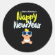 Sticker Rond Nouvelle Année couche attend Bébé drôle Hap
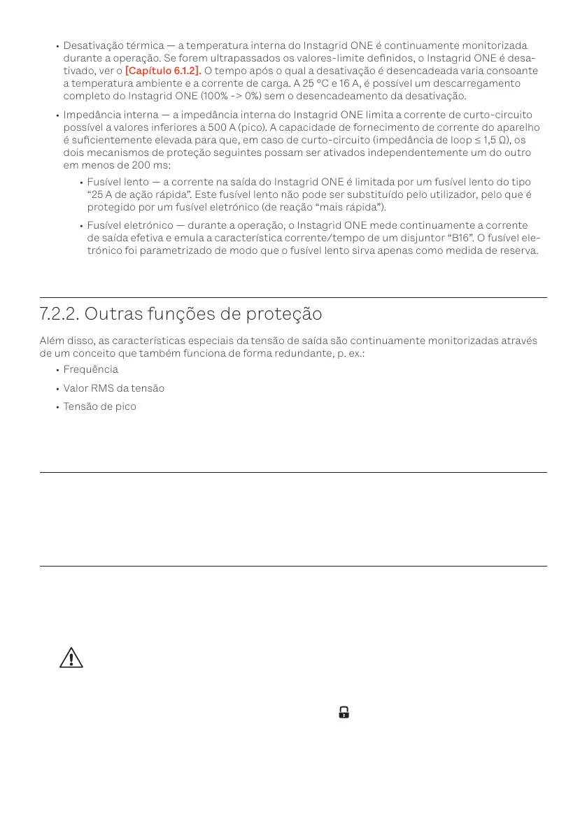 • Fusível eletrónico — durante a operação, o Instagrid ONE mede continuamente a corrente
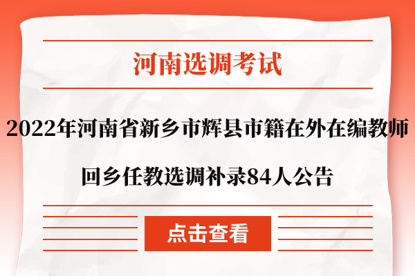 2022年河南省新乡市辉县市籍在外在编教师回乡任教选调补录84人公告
* * *
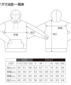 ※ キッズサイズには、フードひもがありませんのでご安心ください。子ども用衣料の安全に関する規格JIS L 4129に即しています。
* * *
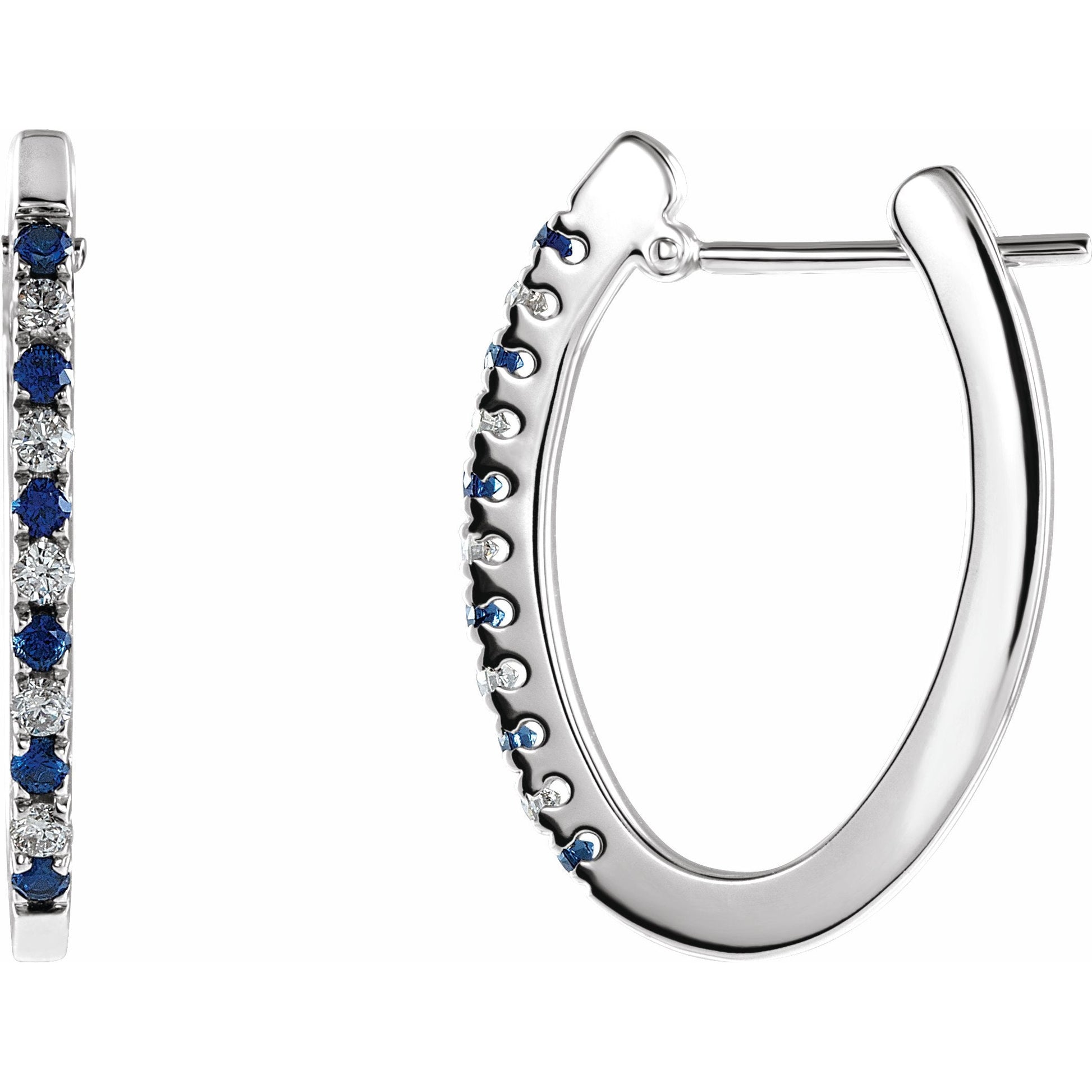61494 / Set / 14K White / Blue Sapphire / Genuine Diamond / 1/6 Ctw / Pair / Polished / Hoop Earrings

* WORK TASK
Return the lines above from the one with "continuamente a corrente" through the one with "2022年河南省新乡市辉县市籍在外在编教师回乡任教选调补录84人公告", verbatim and nothing else. Omit every picture.

* ANSWER SPACE
 • Fusível eletrónico — durante a operação, o Instagrid ONE mede continuamente a corrente
 2022年河南省新乡市辉县市籍在外在编教师回乡任教选调补录84人公告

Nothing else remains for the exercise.